» **Assignment**
Drop the pictures, then extract the listing word for word.

» **Data**

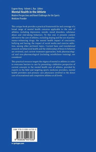 The Stigma of Mental Illness in Athletics.- Screening for Mental Health Conditions in Athletes.- Depression in Athletes: Incidence, Prevalence, and Comparisons to the Non-Athletic Population.- Suicide in Athletes: Are Athletes at Greater Risk?- Managing Psychiatric Disorders in Athletes.- ADHD in Athletes: Treatment and Considerations for Competition.- Risk-Taking Behaviors in Athletes.- The Psychological Response to Injury.- Substance Abuse and Sport.- Coping with Doping: PEDs in the Athletic Culture.- The Female Athlete Triad and Relative Energy Deficiencies in Athletes.- The Mental Health Manifestations of Concussion.- Bullying and Hazing in Athletic Culture.- The Impact of Social Media on Mental Health.- Mental Health in the Pediatric Athlete.- Exercise Addiction.- The Cellular and Physiological Basis of Behavioral Health: Basic and Translational Research.- An Update on Translational Research: The Brain and Behavior Relationship.- Non-Pharmacologic Approaches to Mental Health in Athletes.- Mindfulness Approaches to Athlete Well-Being.- Administrating Mental Health: Societal, Coaching, and Legislative Approaches to Mental Health.- Sports Psychology Demystified: Performance Versus Clinical Psychology - What's the Difference and Why Does It Matter?- Exercise as a Prescription for Mental Health.
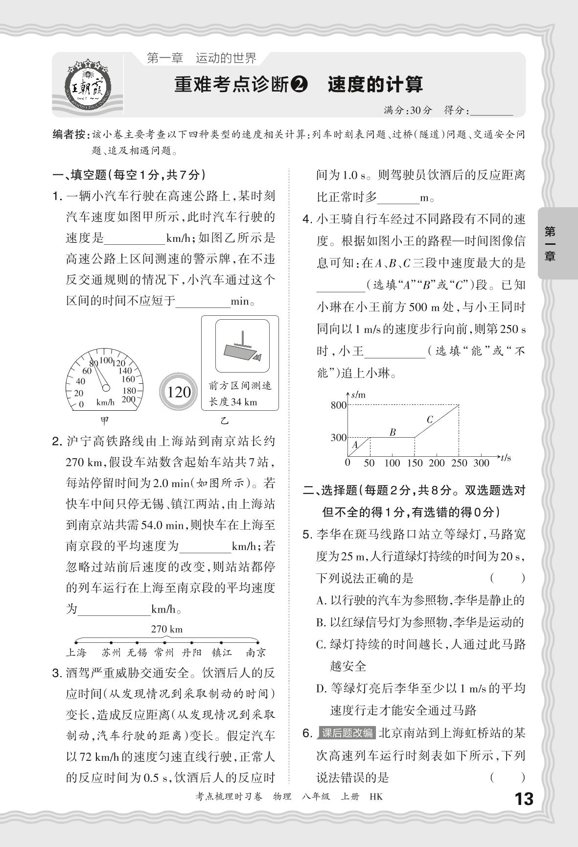 2024秋上册八年级物理沪科版 第一章 重难考点诊断2 速度的计算
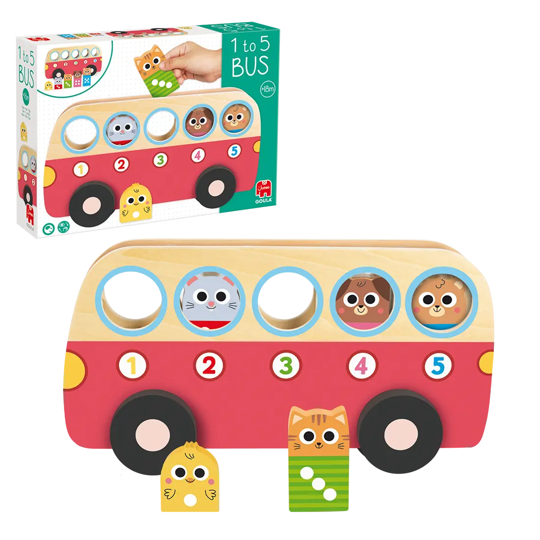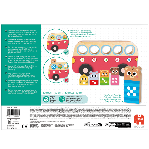 Incluye cinco espacios numerados donde colocar correctamente los pasajeros, ayudando a relacionar número y cantidad de manera intuitiva. Gracias a sus piezas grandes y resistentes, es perfecto para manos pequeñas.

» **Output**
 The Stigma of Mental Illness in Athletics.- Screening for Mental Health Conditions in Athletes.- Depression in Athletes: Incidence, Prevalence, and Comparisons to the Non-Athletic Population.- Suicide in Athletes: Are Athletes at Greater Risk?- Managing Psychiatric Disorders in Athletes.- ADHD in Athletes: Treatment and Considerations for Competition.- Risk-Taking Behaviors in Athletes.- The Psychological Response to Injury.- Substance Abuse and Sport.- Coping with Doping: PEDs in the Athletic Culture.- The Female Athlete Triad and Relative Energy Deficiencies in Athletes.- The Mental Health Manifestations of Concussion.- Bullying and Hazing in Athletic Culture.- The Impact of Social Media on Mental Health.- Mental Health in the Pediatric Athlete.- Exercise Addiction.- The Cellular and Physiological Basis of Behavioral Health: Basic and Translational Research.- An Update on Translational Research: The Brain and Behavior Relationship.- Non-Pharmacologic Approaches to Mental Health in Athletes.- Mindfulness Approaches to Athlete Well-Being.- Administrating Mental Health: Societal, Coaching, and Legislative Approaches to Mental Health.- Sports Psychology Demystified: Performance Versus Clinical Psychology - What's the Difference and Why Does It Matter?- Exercise as a Prescription for Mental Health.
 2024秋上册八年级物理沪科版 第一章 重难考点诊断2 速度的计算
 Incluye cinco espacios numerados donde colocar correctamente los pasajeros, ayudando a relacionar número y cantidad de manera intuitiva. Gracias a sus piezas grandes y resistentes, es perfecto para manos pequeñas.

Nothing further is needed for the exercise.